━━━━━ Data listing ━━━━━
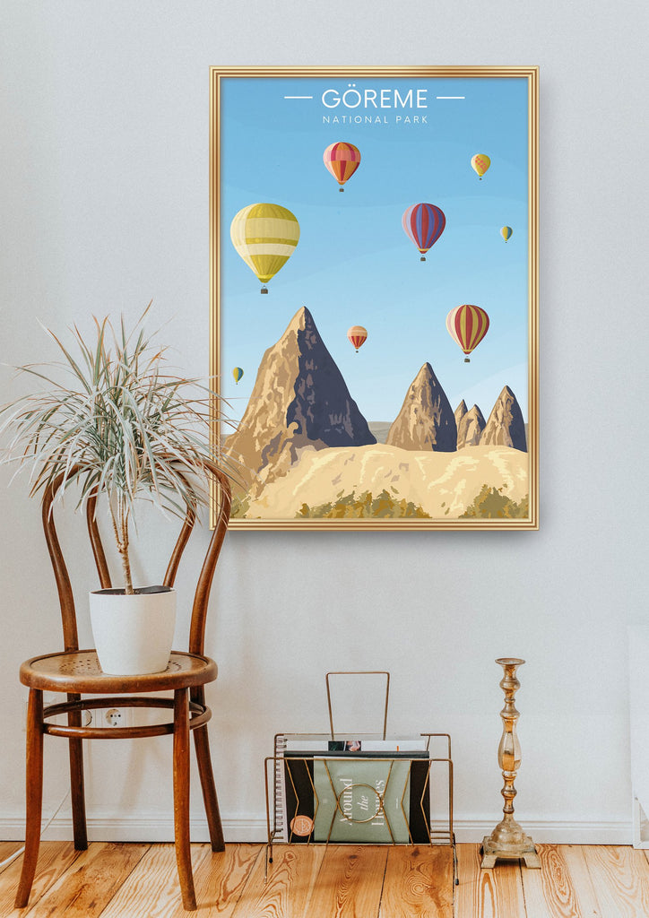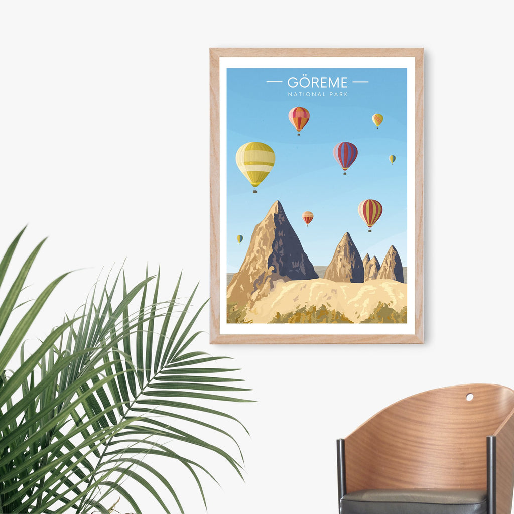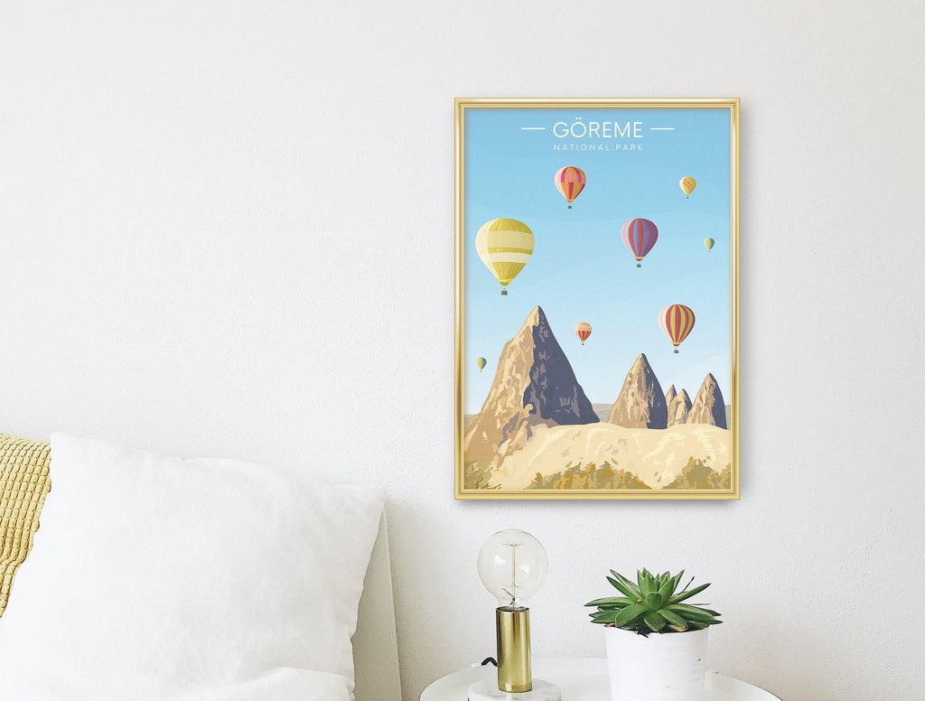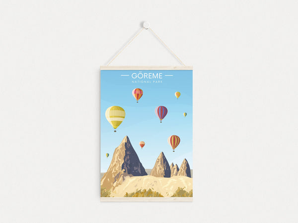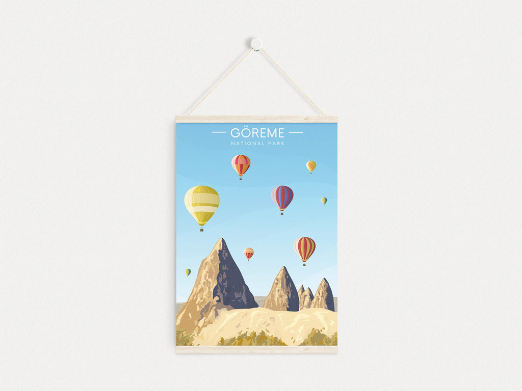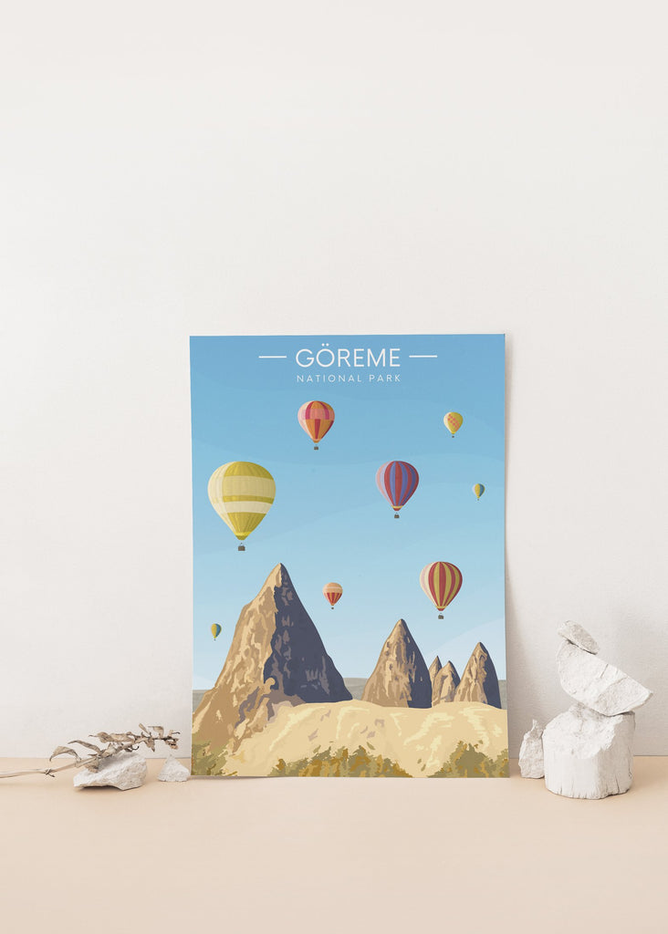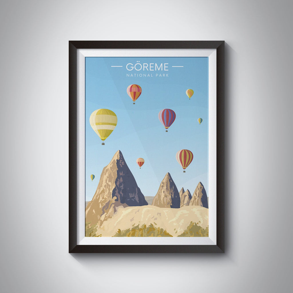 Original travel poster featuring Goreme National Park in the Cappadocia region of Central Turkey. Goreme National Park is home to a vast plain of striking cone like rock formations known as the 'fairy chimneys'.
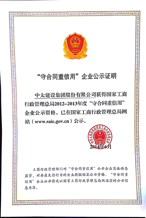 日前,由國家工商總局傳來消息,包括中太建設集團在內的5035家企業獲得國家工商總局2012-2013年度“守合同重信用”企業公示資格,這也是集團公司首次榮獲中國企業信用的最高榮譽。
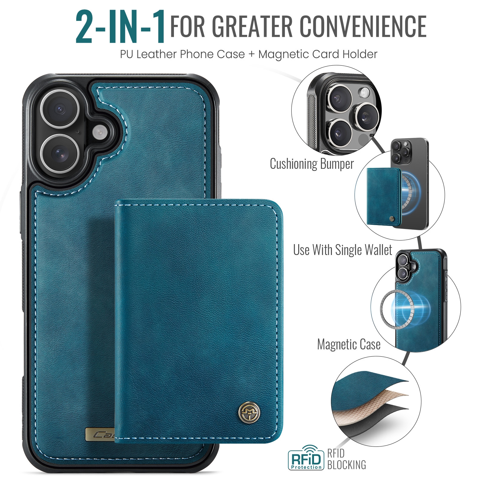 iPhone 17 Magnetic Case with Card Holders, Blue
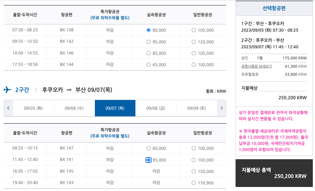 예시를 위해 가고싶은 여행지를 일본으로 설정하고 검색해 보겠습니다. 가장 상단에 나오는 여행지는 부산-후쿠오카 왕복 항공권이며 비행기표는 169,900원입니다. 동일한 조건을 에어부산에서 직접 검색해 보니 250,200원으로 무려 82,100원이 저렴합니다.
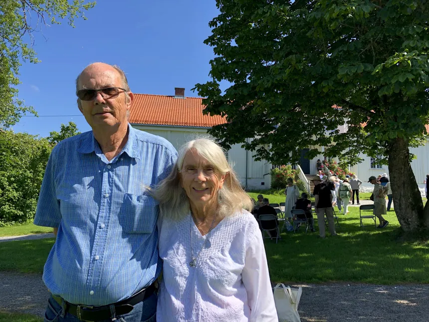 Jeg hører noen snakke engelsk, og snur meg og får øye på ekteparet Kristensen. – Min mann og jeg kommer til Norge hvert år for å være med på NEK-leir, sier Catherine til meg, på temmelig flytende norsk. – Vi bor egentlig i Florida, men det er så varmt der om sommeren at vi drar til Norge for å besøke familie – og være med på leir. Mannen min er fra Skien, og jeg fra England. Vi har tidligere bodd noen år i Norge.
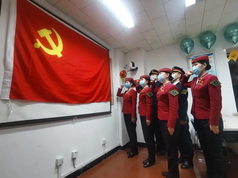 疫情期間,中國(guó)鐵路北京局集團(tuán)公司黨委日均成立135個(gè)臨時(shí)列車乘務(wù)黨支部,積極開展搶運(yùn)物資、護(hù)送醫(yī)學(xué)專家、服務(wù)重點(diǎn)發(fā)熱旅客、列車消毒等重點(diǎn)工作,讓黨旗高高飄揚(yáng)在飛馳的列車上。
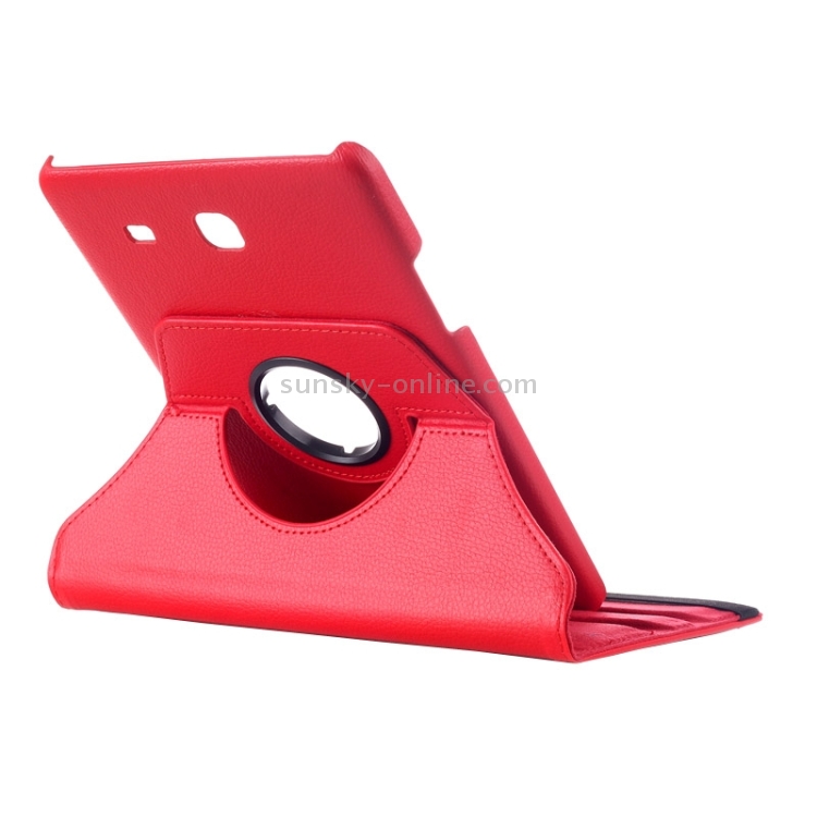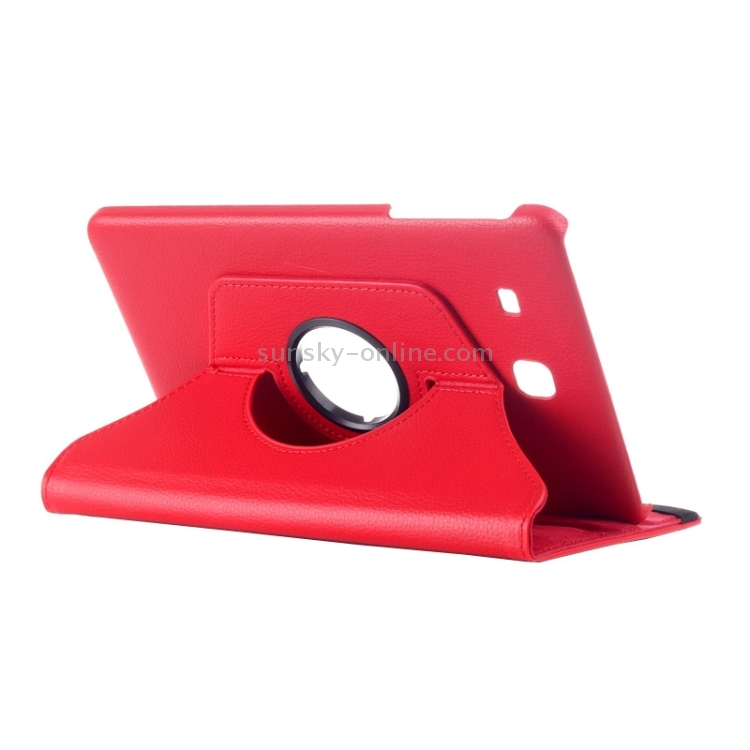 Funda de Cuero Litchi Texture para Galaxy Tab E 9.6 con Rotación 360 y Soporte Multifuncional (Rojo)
━━━━━
To do. Repeat the data word for word, minus any pictures.

Answer section.
 Original travel poster featuring Goreme National Park in the Cappadocia region of Central Turkey. Goreme National Park is home to a vast plain of striking cone like rock formations known as the 'fairy chimneys'.
 日前,由國家工商總局傳來消息,包括中太建設集團在內的5035家企業獲得國家工商總局2012-2013年度“守合同重信用”企業公示資格,這也是集團公司首次榮獲中國企業信用的最高榮譽。
 iPhone 17 Magnetic Case with Card Holders, Blue
 예시를 위해 가고싶은 여행지를 일본으로 설정하고 검색해 보겠습니다. 가장 상단에 나오는 여행지는 부산-후쿠오카 왕복 항공권이며 비행기표는 169,900원입니다. 동일한 조건을 에어부산에서 직접 검색해 보니 250,200원으로 무려 82,100원이 저렴합니다.
 Jeg hører noen snakke engelsk, og snur meg og får øye på ekteparet Kristensen. – Min mann og jeg kommer til Norge hvert år for å være med på NEK-leir, sier Catherine til meg, på temmelig flytende norsk. – Vi bor egentlig i Florida, men det er så varmt der om sommeren at vi drar til Norge for å besøke familie – og være med på leir. Mannen min er fra Skien, og jeg fra England. Vi har tidligere bodd noen år i Norge.
 疫情期間,中國(guó)鐵路北京局集團(tuán)公司黨委日均成立135個(gè)臨時(shí)列車乘務(wù)黨支部,積極開展搶運(yùn)物資、護(hù)送醫(yī)學(xué)專家、服務(wù)重點(diǎn)發(fā)熱旅客、列車消毒等重點(diǎn)工作,讓黨旗高高飄揚(yáng)在飛馳的列車上。
 Funda de Cuero Litchi Texture para Galaxy Tab E 9.6 con Rotación 360 y Soporte Multifuncional (Rojo)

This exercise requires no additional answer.